Posted on 6 min read

Despite inroads having been made in recent years to improve their rights and reduce precarity, sex workers are still shunned, struggling to shift negative attitudes toward this age-old occupation. The coronavirus crisis is placing further pressure on sex workers, not only leading to a loss of income, but also pushing them further to the edges of society. Jaffer Latief Najar argues that states have the responsibility to ensure the acknowledgement of sex work and its entrepreneurs so that they can enjoy the same benefits as other employees or entrepreneurs during and after the crisis.


Sex work is a centuries-old global occupation, yet sex workers have always been marginalized. The sector has historically been regulated to keep tabs on the social, racial, political, and economic mobility of its workers. The regulation of the activities and bodies of sex workers worldwide and their marginalization are predominantly a colonial legacy. In the contemporary age, sex work is approached in binaries, seen either as legal (but regulated) labour or conflated with sex trafficking, which encourages its illegalization.

Concerning the radical changes enacted worldwide due to the spread of the coronavirus, including lockdowns and the temporary halting of high-risk occupations, it appears that the livelihoods, financial mobility, and health situation of sex workers are at risk. Some sex workers have used social media platforms to point out the decline of clients, income, and increasing health risks following the outbreak of COVID-19. For instance, one sex worker used a chain of threads and tweeted that,

“There’s no clients! Nobody in their right mind is having sex with a stranger during a pandemic. So often we’re not even given the option of seeing clients! Which means we’re BROKE. ”
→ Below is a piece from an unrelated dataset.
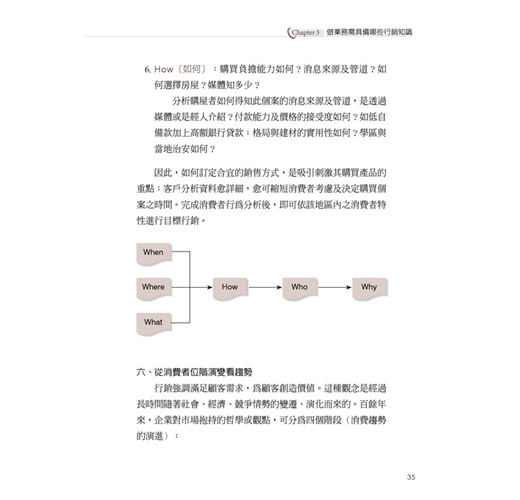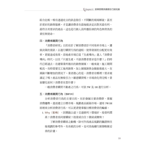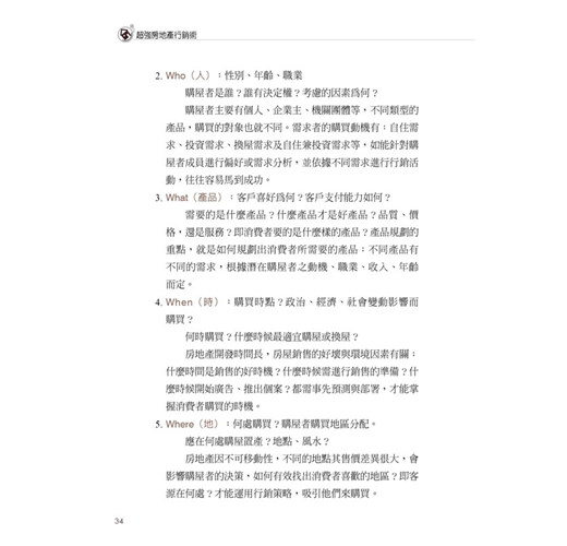 1. Why(動機):因價錢公道?交通便利?環境好、投資利潤高?消費者為何要購屋?投資或自住?換屋或贈與?了解消費者購屋之動機,除可作為產品規劃的驗證與往後規劃的參考外,有系統的分析,也可為後續行銷策略做妥善的計畫。
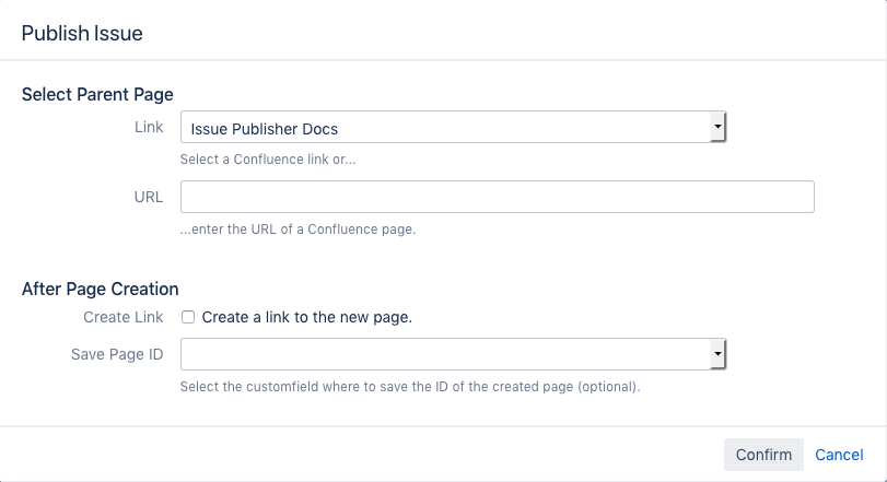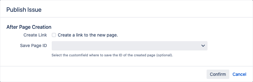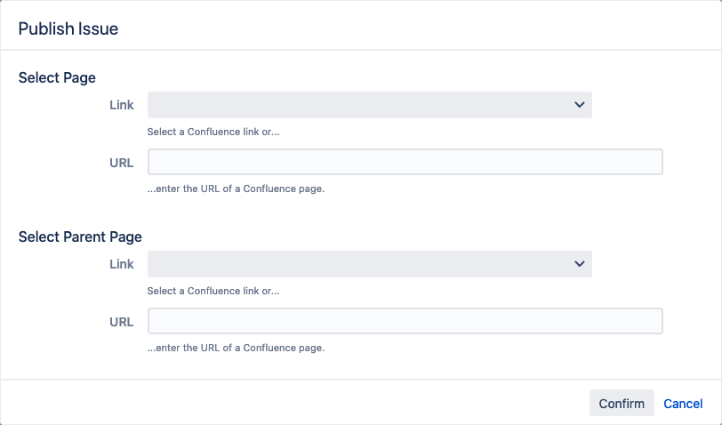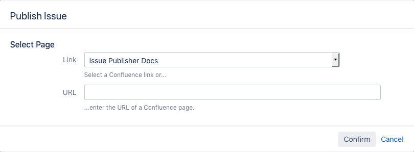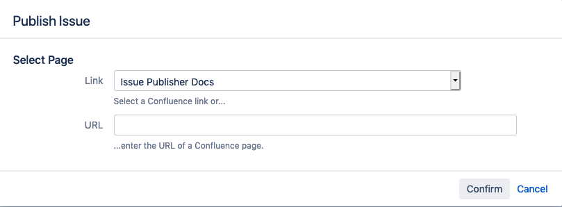 - Link*: Select one of the linked Confluence pages of the current issue.

Some sex workers are even offering extra unpaid services to continue drawing clients during the crisis. For instance, a number of sex workers are offering services such as ‘pay for 12 hours and get 12 free’. Indeed, sex workers in the Global South, in India for example, are struggling to make temporary arrangements to make ends meet, even fearing possible starvation if the current crisis endures. It explicitly speaks to the severity of coronavirus crisis and the strategies for survival employed by sex workers themselves. More so, sex workers’ communities and collectives have also come forward to raise funds to support sex workers who are suffering from financial stress during the time of this coronavirus pandemic. But is it their responsibility to ensure their survival? What role should the state play in helping sex workers stay afloat financially?

The precarity of sex work

Policies and feminists have contesting views on approaches to sex work. Some view it as a form of ‘exploitation’, while others see it as a form of work, framed in relation to individuals’ agency. The contestation is further complicated by the global anti-trafficking discourse, which largely conflates sex work with sex trafficking and encourages the criminalization of sex work. The United Nations Protocol to Prevent, Suppress and Punish Trafficking in Persons, Especially Women and Children (UN TIP Protocol) clearly promotes such a criminalization framework, which, after acknowledgement by the majority of nation-states, is shown to have a strong negative impact on the lives and livelihoods of sex workers. Indeed, within such a dominant frame, institutional support largely reaches sex workers when they represent themselves as victims of trafficking rather than as independent agential sex workers. My personal field engagement in India’s largest red light district in Sonagachi has provided ample evidence that the criminalization framework encourages the incarceration of sex workers who resist being framed as victims of trafficking and the dismissal of their basic human rights.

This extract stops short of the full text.